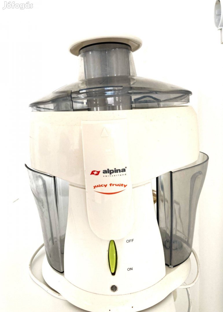 Nagy sebességgel forgó kések , felaprítja es egy szűrőn átpréseli a gyümölcsöt: kész a vitamindús házi készítésű gyümölcslé.
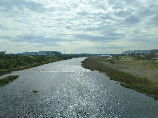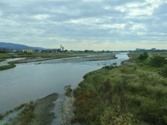 หลังออกจากสถานีมาก็ผ่านแม่น้ำซากาวะ (酒匂川さかわがわ)
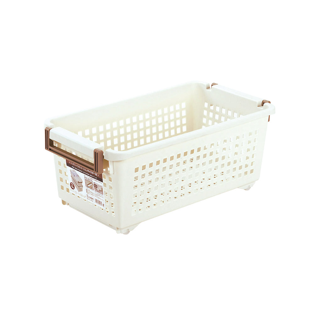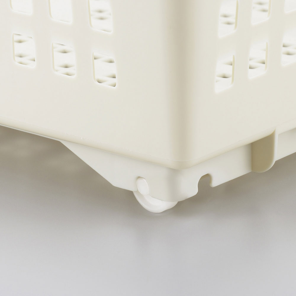 収納バスケット 取っ手付き スリム キャスター付き アイボリー 181098
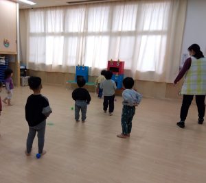 夢中になって豆まきと言う名の玉入れを楽しんでいた、たんぽぽ組さんでした!

Exercise directions: Everything from the line with "หลังออกจากสถาน" through the end of the listing above, both ends included, should be set down exactly; copy nothing else, and skip the pictures.

Task output:
 หลังออกจากสถานีมาก็ผ่านแม่น้ำซากาวะ (酒匂川さかわがわ)
 収納バスケット 取っ手付き スリム キャスター付き アイボリー 181098
 夢中になって豆まきと言う名の玉入れを楽しんでいた、たんぽぽ組さんでした!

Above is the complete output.